#### [Exercise]
Print every line from the start of the data, and when you reach the line with "AKKON - Fits", include it and stop. Pictures are not part of the copy.

Supplied entries section start

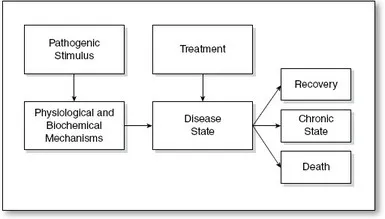 Figure 1.1 is a conceptual diagram of this strong form of the biomedical model. The diagram illustrates a normally functioning person being acted on by some pathogenic stimulus such as an infection, a cancer, or coronary heart disease. The mode of therapy is a direct physical intervention to restore the personâs healthy, well-ordered state. Such therapies may be the administration of an antibiotic to cure a bacterial infection, the application of chemotherapy for a cancer, or coronary bypass grafts for coronary heart disease. All of these treatments have known restorative, if not curative, properties. Their application in individual cases results in one of the three outcomes on the right. We hope that the patient gets better. However, other outcomes also occur, including continued illness or even death.
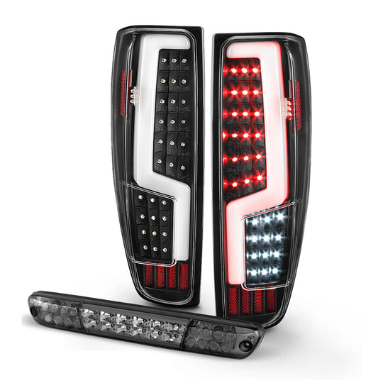 AKKON - Fits 04-12 Colorado Canyon 06 Isuzu i-280 i-350 07-08 i-290 i-370 Full LED Tube Black Tail Lights+Smoked 3Rd Brake Light
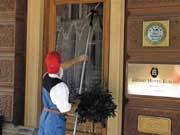 Разумеется, требуют очистки и окна с фасадами, особенно в нашем питерском климате. Работники "КмК" оказывают и такие услуги: фасады моются с помощью "водяных пушек", не повреждая при этом штукатурку, а окна и стеклянные поверхности - даже самые труднодоступные - приведут в должный вид работники уборочной фирмы, имеющие навыки работы в промышленном альпинизме. То же самое касается снега и сосулек.
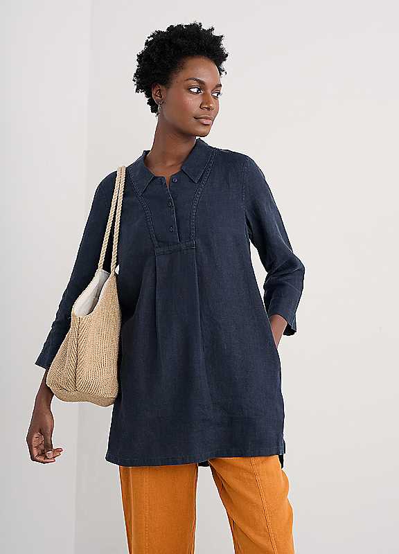 A long tunic with a classic collar, inspired by artist's smocks. Box pleats give an easy volume. The perfect trans seasonal layer.Machine washable100% Linen
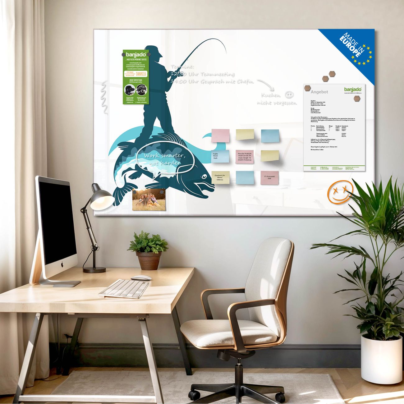 Die banjado Glas Magnettafel mit dem Motiv Motiv Der Angler verbindet Funktionalität mit Stil. Sie ersetzt das Zettelchaos durch klare Strukturen und bringt dabei eine warme, natürliche Atmosphäre in Ihr Zuhause. Ob im Büro, in der Küche oder im Eingangsbereich - dieses Design-Board zieht Blicke an und sorgt für Ordnung mit Charakter.
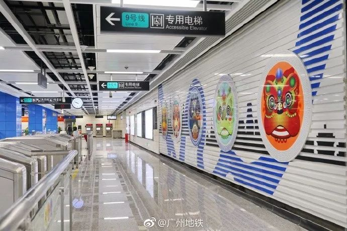 地处花都的九号线广州北站,将醒狮作为设计主体,展示了广东人民筚路蓝缕、奋发进取的精神。据了解,醒狮属于中国狮舞中的南狮,是民间体育艺术的典型代表,2009年花都区政府公布南狮入选区级非物质文化遗产。
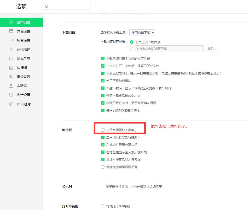 2、點開設(shè)置默認(rèn)是基本設(shè)置,然后拉到底,找到“啟用智能網(wǎng)址"這個選項,把勾去掉,就可以了。
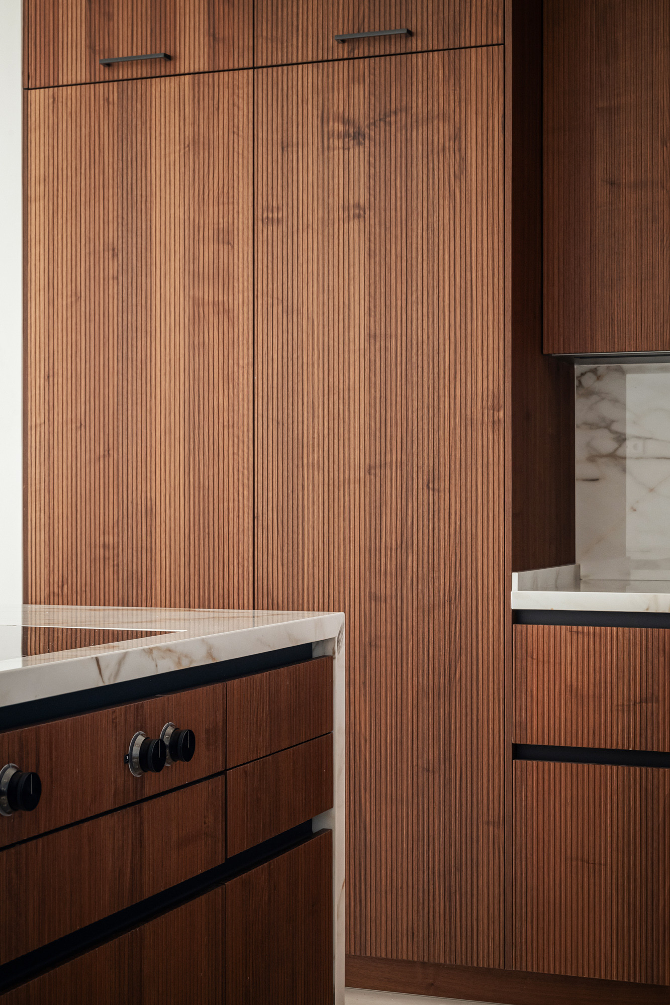 Un hall central divide la distribución. En un lado, las zonas sociales: una cocina de planta abierta con electrodomésticos Gaggenau y Miele, expositor de vinos de suelo a techo y ventanas automatizadas que se abren por completo para fusionar interior y exterior. Una terraza en forma de L envuelve el espacio con vistas al mar, zona de estar, comedor, jacuzzi, ducha exterior y cocina de verano—rodeada de zonas verdes ajardinadas que aportan la atmósfera de una villa privada.

Supplied entries section end

#### [Answer to the exercise]
 Figure 1.1 is a conceptual diagram of this strong form of the biomedical model. The diagram illustrates a normally functioning person being acted on by some pathogenic stimulus such as an infection, a cancer, or coronary heart disease. The mode of therapy is a direct physical intervention to restore the personâs healthy, well-ordered state. Such therapies may be the administration of an antibiotic to cure a bacterial infection, the application of chemotherapy for a cancer, or coronary bypass grafts for coronary heart disease. All of these treatments have known restorative, if not curative, properties. Their application in individual cases results in one of the three outcomes on the right. We hope that the patient gets better. However, other outcomes also occur, including continued illness or even death.
 AKKON - Fits 04-12 Colorado Canyon 06 Isuzu i-280 i-350 07-08 i-290 i-370 Full LED Tube Black Tail Lights+Smoked 3Rd Brake Light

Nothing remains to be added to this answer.